These pro-Israeli Neo-cons had been schooled in the Machiavellian/Nietzschean theories of Professor Leo Strauss, who taught political philosophy at the University of Chicago in their Department of Political Science. The best expose of Strauss's pernicious theories on law, politics, government, for elitism, and against democracy can be found in two scholarly books by the Canadian Professor Shadia B. Drury: The Political Ideas of Leo Strauss (1988); Leo Strauss and the American Right (1999). I entered the University of Chicago in September of 1968 shortly after Strauss had retired. But I was trained in Chicago's Political Science Department by Strauss's foremost protege, co-author, and literary executor Joseph Cropsey. Based upon my personal experience as an alumnus of Chicago's Political Science Department (A.B., 1971, in Political Science), I concur completely with Professor Drury's devastating critique of Strauss. I also agree with her penetrating analysis of the degradation of the American political process by Chicago's Straussian cabal.

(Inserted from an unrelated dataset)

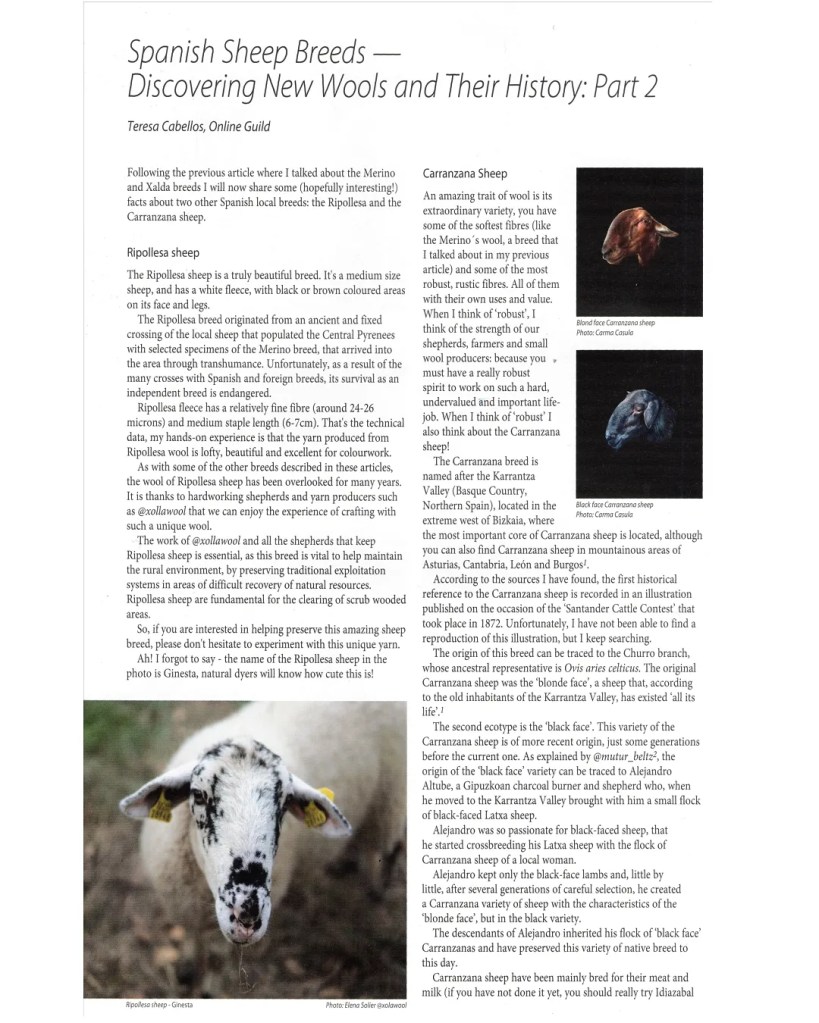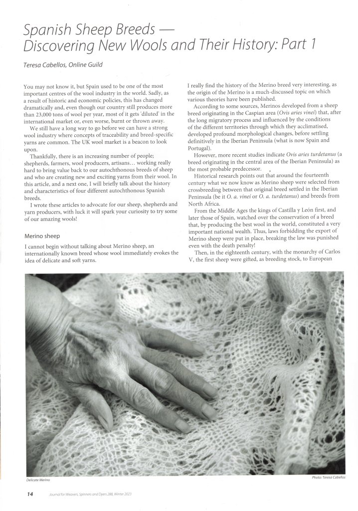 A new series of my articles describing a few of the autochtonous breeds of the Iberian Peninsula have been published by the Journal for Weavers, Spinners & Dyers.

Chicago routinely trained me and numerous other students to become ruthless and unprincipled Machiavellians. That is precisely why so many neophyte Neo-con students gravitated towards the University of Chicago or towards Chicago Alumni at other universities. The University of Chicago became the "brains" behind the Bush Jr. Empire and his Ashcroft Police State. Attorney General John Ashcroft received his law degree from the University of Chicago in 1967. Many of his "lawyers" at the Department of Injustice are members of the right-wing, racist, bigoted, reactionary, and totalitarian Federalist Society (aka "Feddies"), which originated in part at the University of Chicago.
Although miseducated at Yale and Harvard Business School, the "Ivies" proved to be too liberal for Bush Jr. and his fundamentalist Christian supporters, whose pointman and spearcarrier in the Bush Jr. administration was Ashcroft, a Fundie himself. The Neo-cons and the Fundies contracted an "unholy alliance" in support of Bush Jr. across the board. For their own different reasons, both groups also worked hand-in-hand to support Israel's genocidal Prime Minister Ariel Sharon, an internationally acknowledged war criminal. Strange bedfellows indeed.
. . .
It was the Chicago Straussian cabal of pro-Israeli Neo-cons who set up a separate "intelligence" unit within the Pentagon that was responsible for manufacturing many of the bald-faced lies, deceptions, half-truths, and outright propaganda that the Bush Jr. administration then disseminated to the lap-dog U.S. news media in order to generate public support for a war of aggression against Iraq for the benefit of Israel and in order to steal Iraq's oil. To paraphrase something Machiavelli once advised his Prince in Chapter XVIII of that book: Those who want to deceive will always find those willing to be deceived. As I can attest from my personal experience as an alumnus of the University of Chicago Department of Political Science, the Bible of Chicago's pro-Israeli Neo-con Straussian cabal is Machiavelli's The Prince.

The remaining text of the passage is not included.